Function enrichment analysis in two key modules
In order to study the role of core genes, we conducted enrichment analysis and explored the pathways involved in BP and these two key modules. GO enrichment of BP by DAVID shows that, Recurrence of core set of genes is mainly enriched in regulation of phosphorus metabolic process, regulation of phosphate metabolic process, regulation of phosphorylation, the response to hypoxia, the response to oxygen levels, Regulation of protein amino acid phosphorylation (FIG. 11,12,13,).
Survival analysis of Core gene
Genes with significant interactions in the recurrence group included PSEN2, GLT1D1, MAP1A, RBM43, FDFT1, SOCS3, RPL5, SRSF11, COPS5, SMG7, TSPAN2, CYP2C19, AAMP, GPR137B, TGFBR1, HEBP2, C2orf57, GRM1, CDK2AP2, WDR5B, NUPL2, BPIL1, CLDN11, TNFRSF1A, ADIPOQ, TRIB2, FOXN1,CRYM, ELMO2, PENK, TPK1, FN3KRP, CINP, KCNK3, LDHA, TFPI, POU2F2, FGF17.In order to further study the influence of core genes on the prognosis of patients, we studied the influence of core genes on the prognosis by grouping the expression amount. Relapse group at the core of the correlated with prognosis of genes and gene TGFBR1, TFPI, SRSF11, SOCS3, RPL5, RBM43, POU2F2, NUPL2, MAP1A, GRM1, GLT1D1, FOXN1, FN3KRP, FGF17, CYP2C19, CRYM, COPS5, ELMO2, CLDN11, C2ORF57, CINP, ADIPOQ, AAMP,16,17 (Fig14, 15).

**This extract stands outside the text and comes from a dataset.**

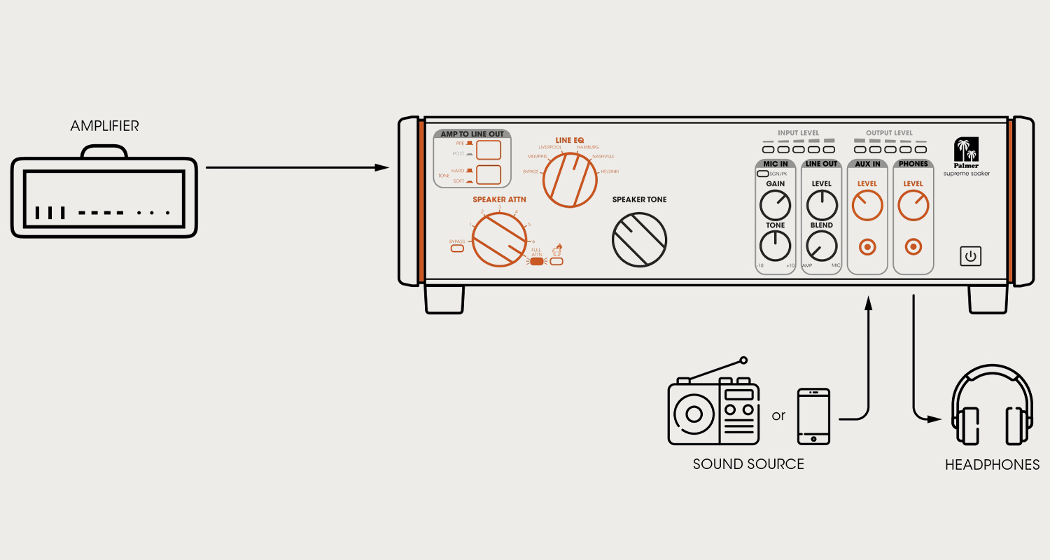The Supreme Soaker has your back whether you’re playing a show or practicing at home. At gigs, use the Mic/Line In to blend your favourite cab/mic combo with the Supreme Soaker’s speaker simulator for a supreme analog sound experience. When you need to be quiet, the Headphone Out is your friend. And if you want to jam along to backing tracks, or even play to a click, the Aux Input makes this an exercise in convenience.

Identifcation of hub genes in the Salmon module and Darkorange module
We submitted the core gene set related to prognosis to the protein interaction of STRING, with the binding confidence interval of truncation set at 0.4. In Plugin Molecular Complex Detection (MCODE), significant mondels with strong protein-protein connections are calculated and selected, with default parameters (degree cut≥2, node score cut≥2, k-core ≥2, maximum depth =100). In order to P<0.05 was considered statistically significant. The candidate genes of node degree were sequenced and the core genes were selected for further analysis. Figure 18 shows the hub genes for SRSF11 TRIM39, SOCS3, NUPL2, COPS5.